I'm creating a low-pass filter in frequency domain with 0.015 cutoff frequency and the corresponding high-pass filter like below:
auto getGaussianFilter(int32_t size) {
const auto sigmaf = 0.015f*size; // cutoff freq.
cv::Mat kernel = cv::Mat::zeros(size, size, CV_32FC1);
for (auto fy = -size/2; fy < size/2; ++fy)
for (auto fx = -size/2; fx < size/2; ++fx)
kernel.at<float>(fy + size/2, fx + size/2) = std::exp(-(fy*fy+fx*fx)/(2*sigmaf*sigmaf));
return kernel;
}
...
lowpassFilter = getGaussianFilter(256);
highpassFilter = 1 - lowpassFilter;
, and these are applied to images like following snippet.
std::vector<cv::Mat> planes { src, cv::Mat::zeros(src.size(), src.type()) };
std::vector<cv::Mat> fplanes { filter, filter };
cv::Mat complex, complexFilter;
cv::merge(planes, complex);
cv::merge(fplanes, complexFilter);
cv::dft(complex, complex, cv::DFT_COMPLEX_OUTPUT);
shift(complex); // swapping quadrants
cv::mulSpectrums(complex, complexFilter, complex, cv::DFT_ROWS);
shift(complex);
cv::idft(complex, complex, cv::DFT_SCALE | cv::DFT_REAL_OUTPUT);
Input images are 256x256 and in logarithmic scale, and the low-pass filter is applied to the square of the high-pass filtered input images.

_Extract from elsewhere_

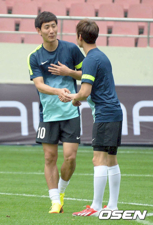 경기에 앞서 지동원과 샤이니 민호가 인사를 나누고 있다. /spjj@osen.co.kr
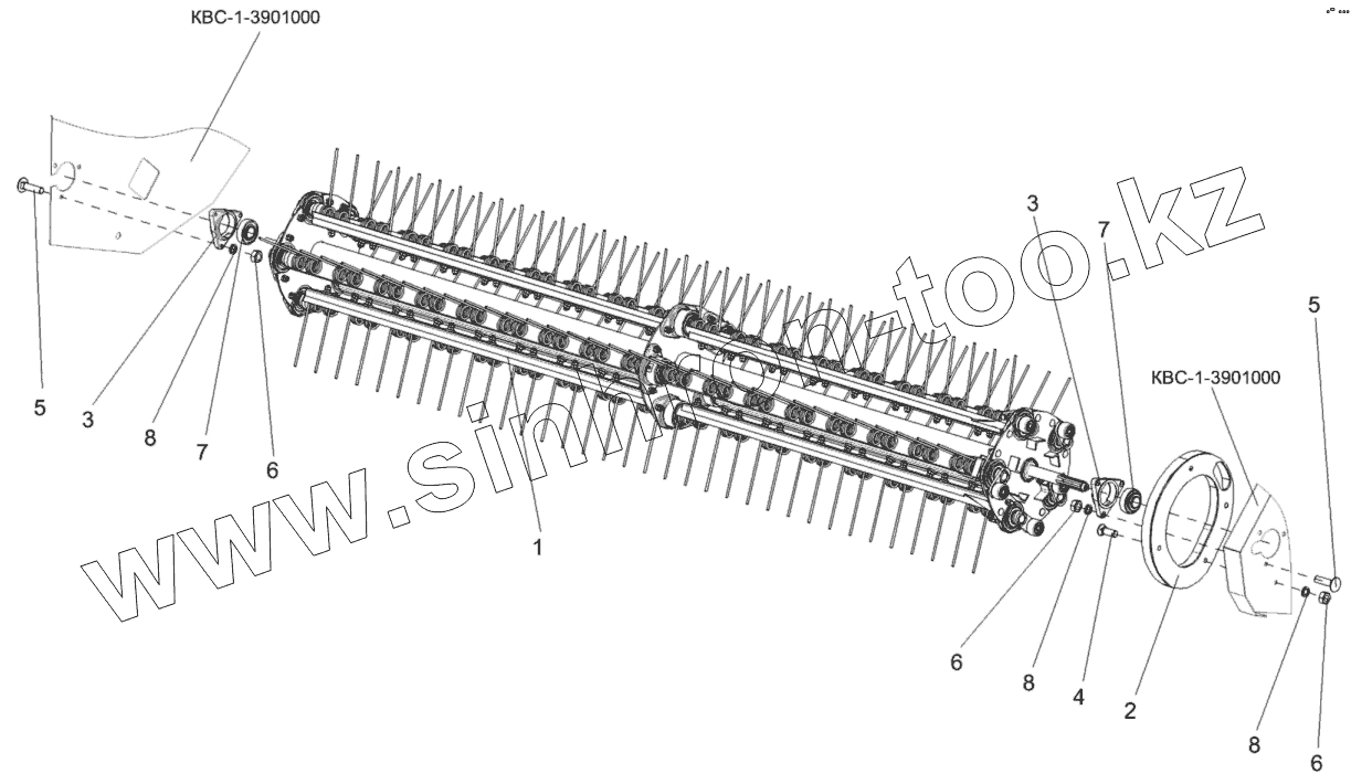 Каталог запасных частей к технике: Гомсельмаш КВС-1-3900000. Установка устройства подбирающего

And then I want to take a square root of the outcome of the final idft, but it contains negative values; thus, several NaN values appear.
applyFilter(src, dst, highpassFilter);
cv::pow(dst, 2, dst);
applyFilter(dst, dst, lowpassFilter);
cv::sqrt(dst, dst); // NaN !
Why are there negative values, and how can I deal with them in order to take the square root ?

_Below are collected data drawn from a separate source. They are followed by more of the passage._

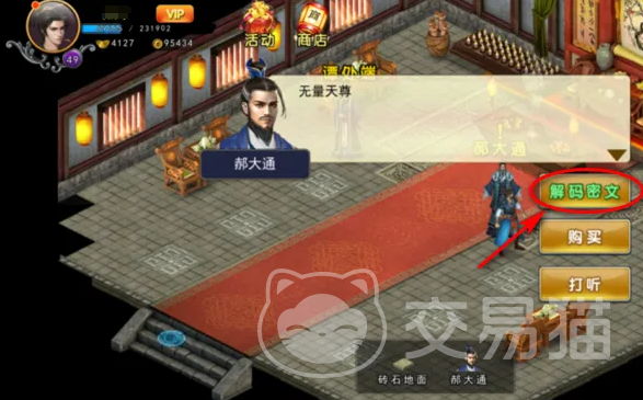 当你的悟性终于攒够了100点,接下来就该动身前往全真教的纯阳殿了。到了那儿大家找郝大通前辈搭个话。跟他聊完之后,别忘了选个重要的选项——“解码密文”。
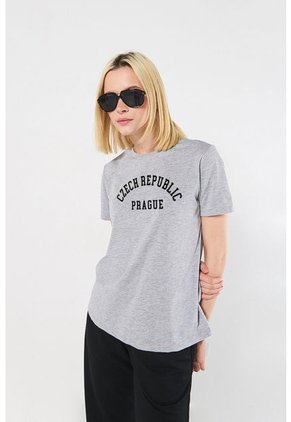 Camiseta para mujer manga corta, unicolor, en algodón, cuello redondo, hombro rodado, silueta holgada, con estampado en frente estilo College, Vive tu día a día con un espíritu universitario.
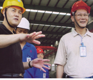 時(shí)任廣州市黃埔區(qū)區(qū)委書記現(xiàn)任廣州市人大常委會(huì)副主任謝寶懷(前左)來(lái)我工廠視察
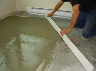 La base est nettoyée de la poussière et nivelée. La différence de hauteur ne dépasse pas 2 mm par mètre linéaire. Les saillies et les nids-de-poule sont supprimés. S'il y en a trop, réaliser la chape avec du mortier de ciment ou un mélange autonivelant.

EDIT: added the code of shift
void shift(cv::Mat& src) {
src = src(cv::Rect(0, 0, src.cols & -2, src.rows & -2));
const auto cy = src.rows/2, cx = src.cols/2;
cv::Mat q0(src, cv::Rect(0, 0, cx, cy));
cv::Mat q1(src, cv::Rect(cx, 0, cx, cy));
cv::Mat q2(src, cv::Rect(0, cy, cx, cy));
cv::Mat q3(src, cv::Rect(cx, cy, cx, cy));
cv::Mat tmp;
q0.copyTo(tmp);
q3.copyTo(q0);
tmp.copyTo(q3);
q1.copyTo(tmp);
q2.copyTo(q1);
tmp.copyTo(q2);
}
I didn't catch this one until the third or fourth read through your code...
std::vector<cv::Mat> fplanes { filter, filter };
cv::merge(fplanes, complexFilter);
You create a complex-valued filter here, which is not conjugate symmetric. Applying this filter creates a frequency spectrum which is not conjugate symmetric, and hence you get a non-real inverse transform.

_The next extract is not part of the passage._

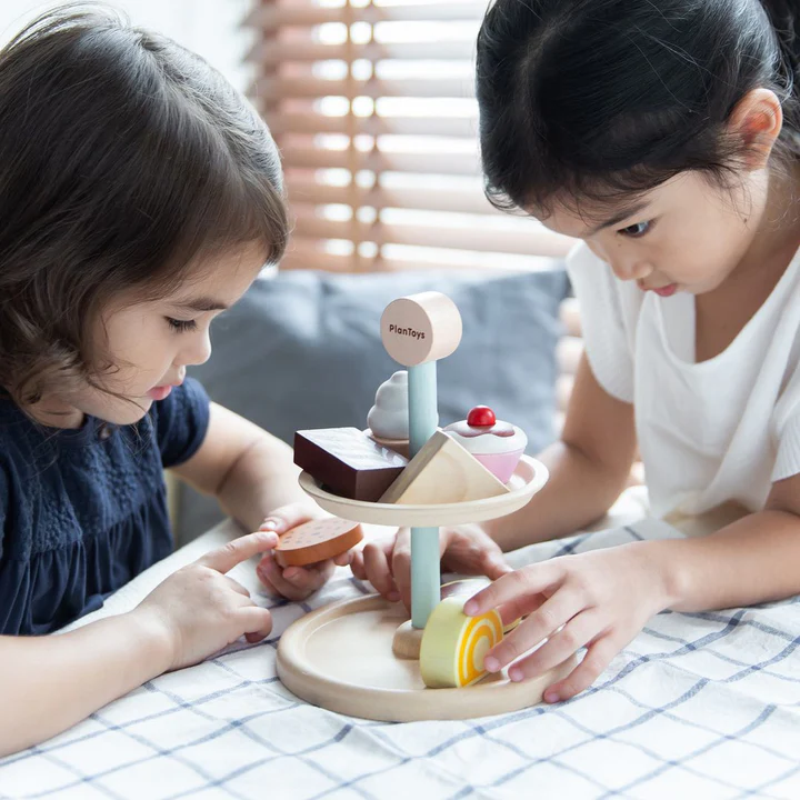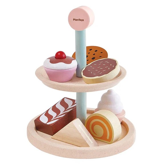 הערכה מכילה מעמד דו-קומותי של עוגות, כריך, רולדה, עוגת שוקולד, 2 ביסקוויטים ו- 2 קאפקייקס.

What you want to do is have a purely real filter:
std::vector<cv::Mat> fplanes { filter, cv::Mat::zeros(filter(), filter()) };
cv::merge(fplanes, complexFilter);
Think of frequency-domain filters in terms of a magnitude and a phase (rather than a real and imaginary component). The magnitude changes how you change the amplitude of each frequency component in your image, the phase shifts each frequency component. In general (except in very specific cases) you do not want to shift frequency components in your image, as it will mess up your image. Thus, keep the phase of your frequency-domain filters at 0. A zero phase means that each value is non-negative and real.
That said, your sequence of shifting the frequency spectrum of the image, applying the filter, and shifting back:
cv::dft(complex, complex, cv::DFT_COMPLEX_OUTPUT);
shift(complex); // swapping quadrants
cv::mulSpectrums(complex, complexFilter, complex, cv::DFT_ROWS);
shift(complex);
cv::idft(complex, complex, cv::DFT_SCALE | cv::DFT_REAL_OUTPUT);
is identical to simply shifting the filter:
cv::dft(complex, complex, cv::DFT_COMPLEX_OUTPUT);
shift(complexFilter); // swapping quadrants
cv::mulSpectrums(complex, complexFilter, complex, 0);
cv::idft(complex, complex, cv::DFT_SCALE | cv::DFT_REAL_OUTPUT);
Note also that I replaced cv::DFT_ROWS
with 0. According to the documentation, that flag indicates that each image row is an independent 1D transform. My guess is that this only matters for CCS-packed matrices, but it's better to leave it out anyway.